I Will Still Like "Me"

It wasn’t too long ago when all I wanted to do was hide from the world. I wanted to disappear where nobody could find me. I did it because too many people disappointed me. I developed this irrational, unhealthy fear of people, more so because of their actions and most of all, because of their possible rejection. It didn’t matter if it was work related or in my social life - I feared people. As I've said in previous posts, I pushed people away. I kept friends at arm’s length. I didn’t trust anyone. Then one day I finally realized that there are way too many people to hide from. Just because a select few had disappointed me, insulted me, or perhaps rejected me - I felt the same thing would run its course again, and I would get hurt as a result. I then brushed myself off and started to let people in again, this time fully acknowledging that “this person” may do the same thing to me as “that person”. But, most importantly: they’re not the same people.
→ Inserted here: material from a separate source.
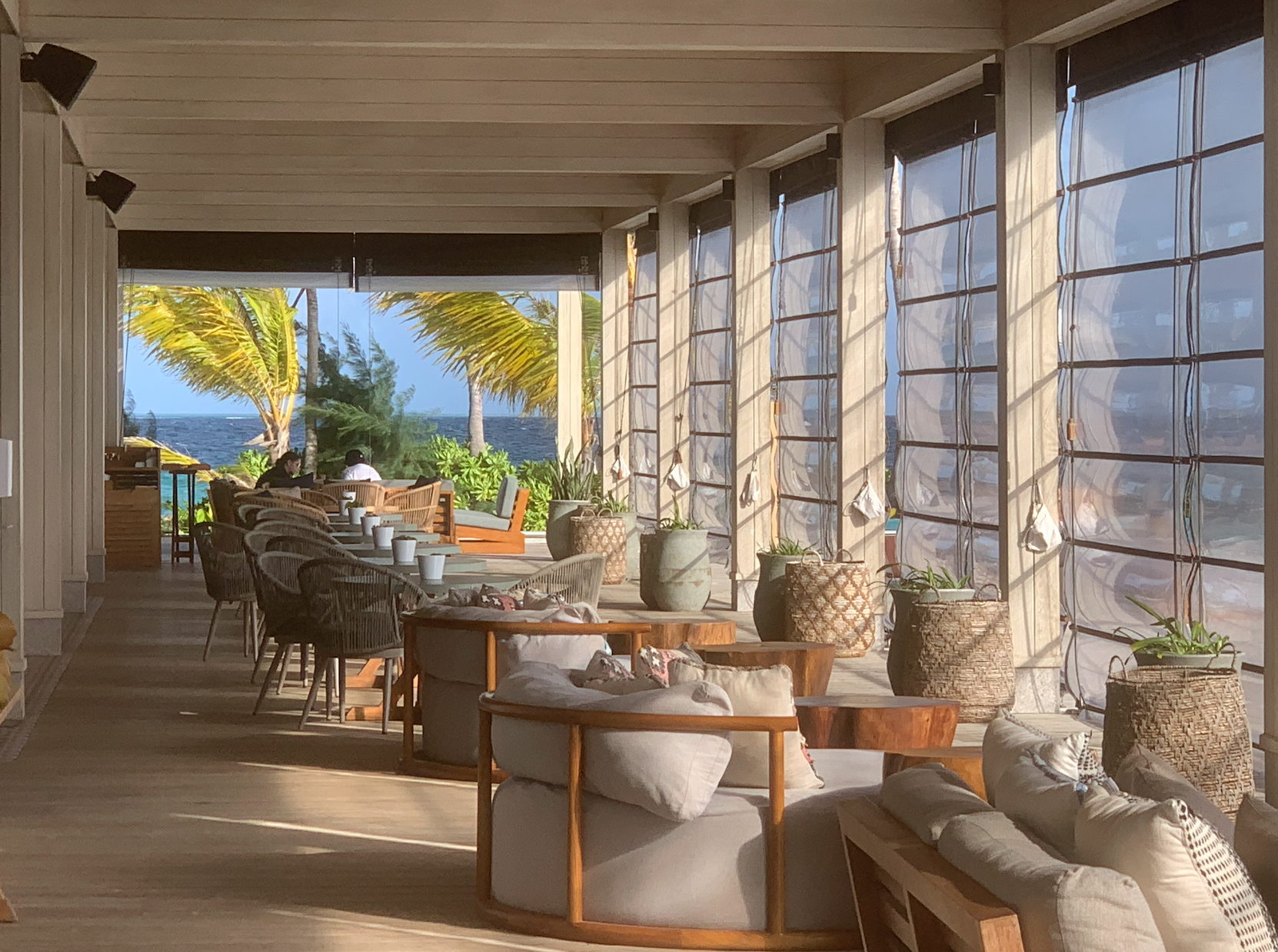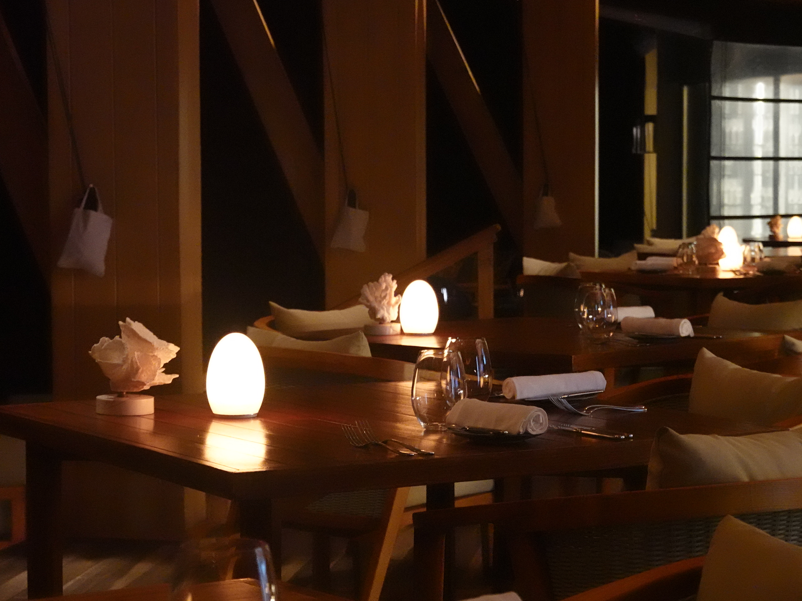 水上餐厅Origin位于度假村的西南一隅,只供应晚餐,主打特色海鲜。餐厅四面环海,桥下肆意游动的鱼群很难不让人联想这里是否是“from sea to table”。实则Origin实践可持续性海鲜采购计划,不会因过度捕捞扰乱海洋生态系统。餐厅选用当地生产的有机食材,在食材采购与烹调上避免浪费,主菜份量豪迈,龙虾皆是整只呈现,不愧是靠海吃海的地界。
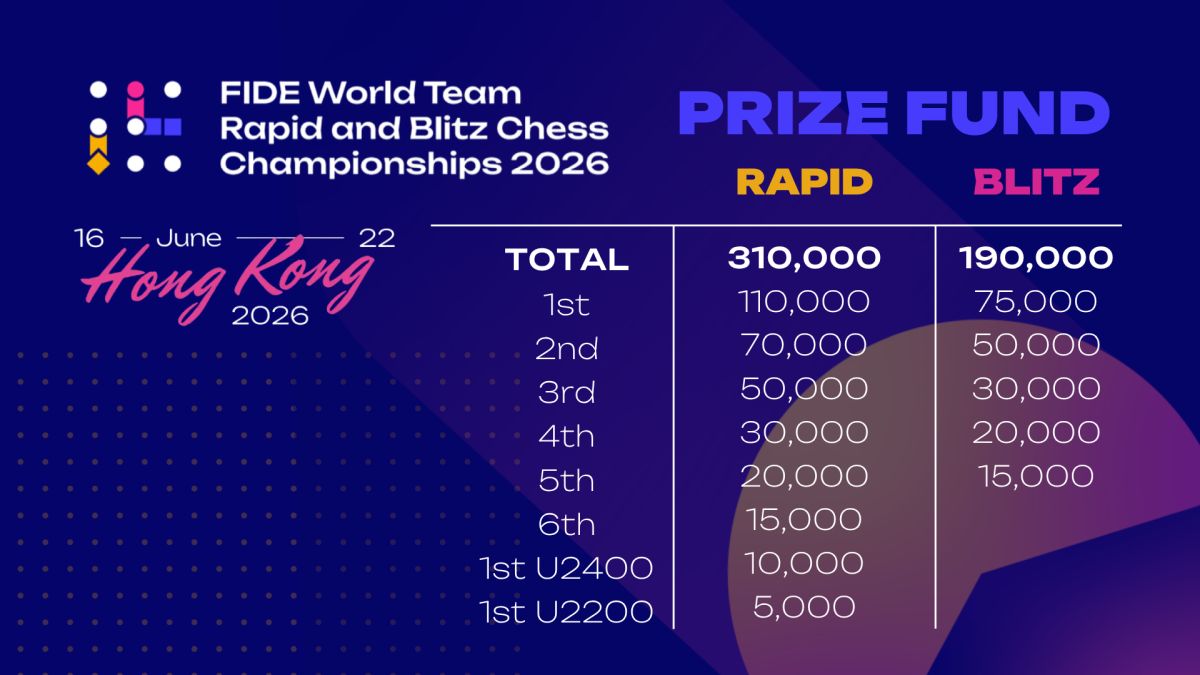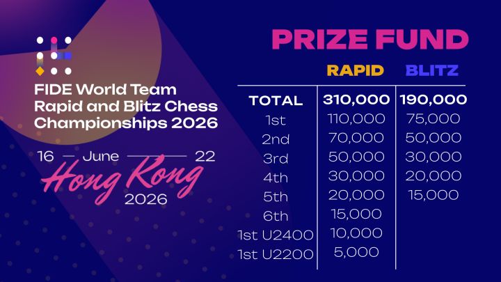 Der Gesamtpreispool beider Meisterschaften beträgt 500.000 Euro. Das Schnellschach-Weltmeisterteam erhält 110.000 Euro, das Blitzschach-Weltmeisterteam 75.000 Euro.

The circumstances, the situations are all completely different. I had to accept that.

Looking back when I had this fear of people due to past disappointments, I wasn’t secure with myself. In fact, I want to even say that I didn’t even like myself very much. I was verbally abused by someone very close to me a few years back - so much, that I actually thought the words she used were all true. All her accusations and insults had to be the truth. I started the process of self-deprecation and it took me more than three years to get out of that miserable funk. That’s a long time to not like yourself. It showed in my work and it also showed in the way I treated other people. I became bitter, indifferent, numb - all the things I didn’t like about a person were transfered straight into me. From my own experience and the admissions of others, our actions speak loudly about our past. I began to realize that what other people do to us is another form of expressing what has happened to them in the past. Are we all conditioned to respond to things in life due to what others have done to us? Is it a self-defense mechanism or is it entirely outside of past experiences?
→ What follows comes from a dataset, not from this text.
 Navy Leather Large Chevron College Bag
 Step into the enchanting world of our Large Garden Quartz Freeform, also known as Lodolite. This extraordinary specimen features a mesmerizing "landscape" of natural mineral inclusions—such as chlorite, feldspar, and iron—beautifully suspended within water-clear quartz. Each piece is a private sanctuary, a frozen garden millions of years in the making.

I’ve heard that in life, you have to take chances. You have to give the benefit of the doubt to people when you think you’re going to be disappointed...yet again. But, is it such a bad thing to safeguard your heart, your well-being, just because you have suffered someone else’s rage against you? Just the fact that I was keeping people at bay, it was another form of unforgiveness. It was an excuse to say, “I haven’t forgiven my past, so I’m not letting you in.” People can say ‘I forgive you’ all day long, but actions speak much louder than words. You can’t forgive someone and then take it out on somebody else in an indirect way. It’s human nature to feel hurt, betrayed and rejected by other people, but should we hold onto that just in case we have to defend ourselves for the next ride around the mountain with somebody else who has nothing to do with the previous offense? I don’t want to remain bitter. I want to like myself, enough so that when I say “I forgive you” - I’m letting you and other people in again. And if by chance I get rejected, hurt or betrayed, then so be it. I will still like “me”.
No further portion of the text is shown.